Thank you so much for your help!
Answer Hi Marie Jo,
Accorsing to the manufacturer
"Since the safety and use of trazodone in pregnant women has not been established, it should not be used in women of childbearing potential unless, in the opinion of the physician, the expected benefits justify the potential risk to the fetus. Since trazodone and/or its metabolites have been detected in the milk of lactating animals, it should not be administered to nursing mothers unless the potential benefits justify the possible risks to the child."
I also found the following study:
A multicentre prospective controlled study to determine the safety of trazodone and nefazodone use during pregnancy.
Can J Psychiatry 2003 Mar;48(2):106-10 (ISSN: 0706-7437)
Einarson A; Bonari L; Voyer-Lavigne S; Addis A; Matsui D; Johnson Y; Koren G
Motherisk Program, Division of Clinical Pharmacology, Hospital for Sick Children, 555 University Avenue, Toronto, ON M5G 1X8. einarson@sickkids.on.ca.
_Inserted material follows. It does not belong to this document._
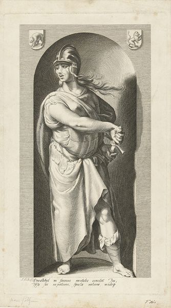 Editor: Here we have Jacob Matham's engraving, "Vrede," from 1593. The figure strikes me as severe, almost imposing, with a rigidity to the lines that makes the figure look rather cold. What formal elements stand out to you? Curator: Indeed. Let's consider first the interplay of line and space. Observe how the dense hatching behind the figure pushes it forward, emphasizing its solidity and presence. What effect does this stark contrast achieve in your estimation? Editor: It definitely highlights the figure's form, giving it weight, almost sculptural quality. But it also creates a very limited depth of field; there's nowhere for the eye to really rest except on the figure itself. Curator: Precisely. Furthermore, note the positioning of the figure within the arched frame. How does this contribute to the overall composition? Editor: The arch almost acts like a spotlight, doesn't it? It emphasizes her centrality and heightens the sense of monumentality, despite being just a print. I'm also interested in how the lines seem to suggest musculature and form, but almost in an exaggerated, stylized way. Curator: Yes, and this exaggeration aligns perfectly with Mannerist sensibilities. The lines are not merely descriptive; they contribute to a sense of artificiality, perhaps even anxiety, beneath the surface. Now, what observations might we offer regarding the gaze and hand gestures of the figure? Editor: Her intense gaze and firm grip on the sword definitely reinforce the image's sense of authority, maybe even latent violence despite it being Vrede. It almost feels contradictory, the harshness undermining any traditional notion of "peace." Thank you for helping me break down how the composition really drives home that tension. Curator: A very astute reading! We’ve illuminated how line, composition, and even gesture can create this fascinating friction, and these choices reveal much about the period in which this print was crafted.

OBJECTIVES: Trazodone and nefazodone are phenylpiperazine antidepressants. Currently, there are no adequate, well-controlled studies on the fetal safety of these drugs. Our primary objective was to determine whether the use of trazodone or nefazodone during pregnancy is associated with an increased risk for major malformations. Secondary outcomes of interest included rates of spontaneous and therapeutic abortions, rates of premature labour, and birth weight. METHODS: Pregnant women from 5 centres who had been exposed to these drugs (n = 147) were enrolled in the study during their first trimester. We compared the women with 2 groups of women who took either other antidepressant drugs (n = 147) or nonteratogenic drugs (n = 147). All the women were followed up after delivery to ascertain pregnancy outcome and the health of the baby. RESULTS: We have completed 147 follow-ups. There were 121 (82.4%) live births, 20 (13.6%) spontaneous abortions, and 6 (4%) therapeutic abortions. Of the live births, there were 2 (1.6%) major malformations. In all cases, drug exposure occurred during the first trimester, with 52 (35%) of the women using these drugs throughout pregnancy. The mean gestational age at birth was 38 weeks (SD 4.2), and the mean birth weight was 3306.34 g (SD 655). We found no statistically significant differences among the 3 groups in any of the endpoints of interest that we examined. Of the sample, 58 women were exposed to trazodone, and 89 were exposed to nefazodone. CONCLUSION: Our results suggest that these drugs do not increase the rates of major malformations above the baseline rate of 1% to 3%.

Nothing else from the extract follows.